Am Hamburger Bahnhof paradierten schnauzbärtige Türken wie auf der Suche nach der blonden Deutschen, die sich in ihre starken Arme zu werfen gedachte. Die kam zwar nie, aber was machte das schon? Der Vorplatz war voller Betrunkener und Obdachloser, manche übergaben sich auf den Boden. Das war vermutlich die Kehrseite all der Ordnung und Sauberkeit. Ich wandte mich an eines der herumschlendernden Grüppchen von Türken und fragte nach einem billigen Hotel. Es waren finstere, misstrauische Typen, die mir keine rechte Auskunft geben wollten.
So ging ich ins erstbeste Hotel gegenüber dem Bahnhof.
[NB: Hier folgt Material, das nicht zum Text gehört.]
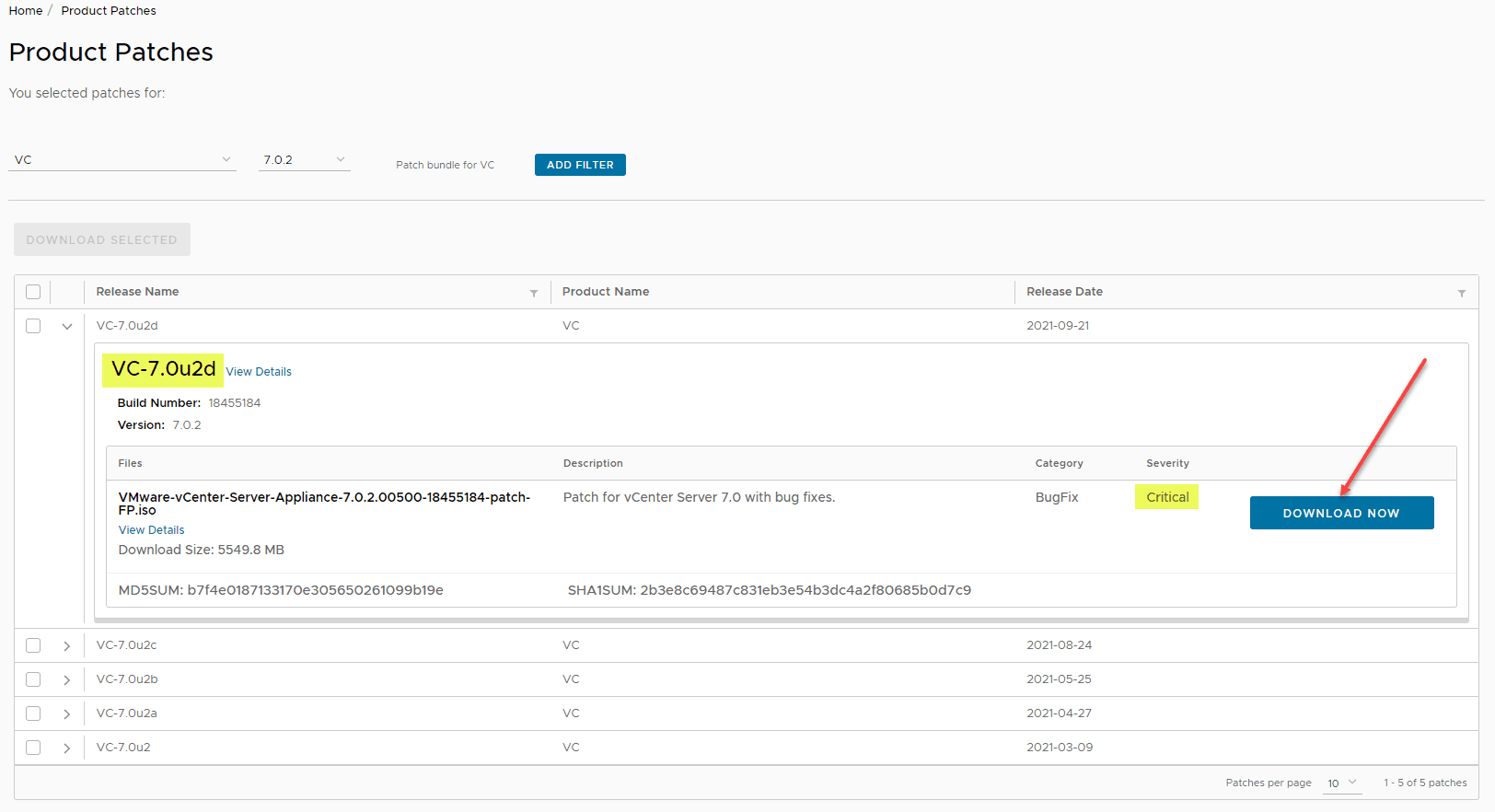- Download the Appliance patch ISO – https://my.vmware.com/group/vmware/patch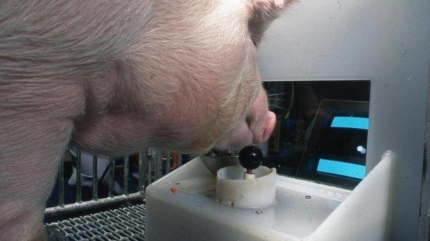 In der aktuellen Untersuchung sollten vier Schweine ihr Können am Joystick zeigen: zwei Yorkshire-Schweine namens Hamlet und Omelette sowie zwei Minischweine der Rasse Panepinto namens Ebony und Ivory. Sie trainierten zunächst zwei Wochen lang, den Joystick zu bewegen. Anschließend installierten die Forscher den Monitor und forderten die Tiere auf, das Bildschirmgeschehen zu verfolgen. Richteten sie den Blick auf den Monitor, erhielten sie eine Belohnung.

Es war etwas teuer, aber ich konnte einfach nicht mehr. Ich duschte noch schnell und kam dann endlich wieder in ein anständiges Bett.
D ie skandinavischen Länder übten zu jener Zeit eine magische Anziehungskraft auf mich aus. Ich war ein eingefleischter Strindberg-Fan, und wenn ich Sibelius oder Grieg hörte, durchströmten mich wahre Glücksgefühle.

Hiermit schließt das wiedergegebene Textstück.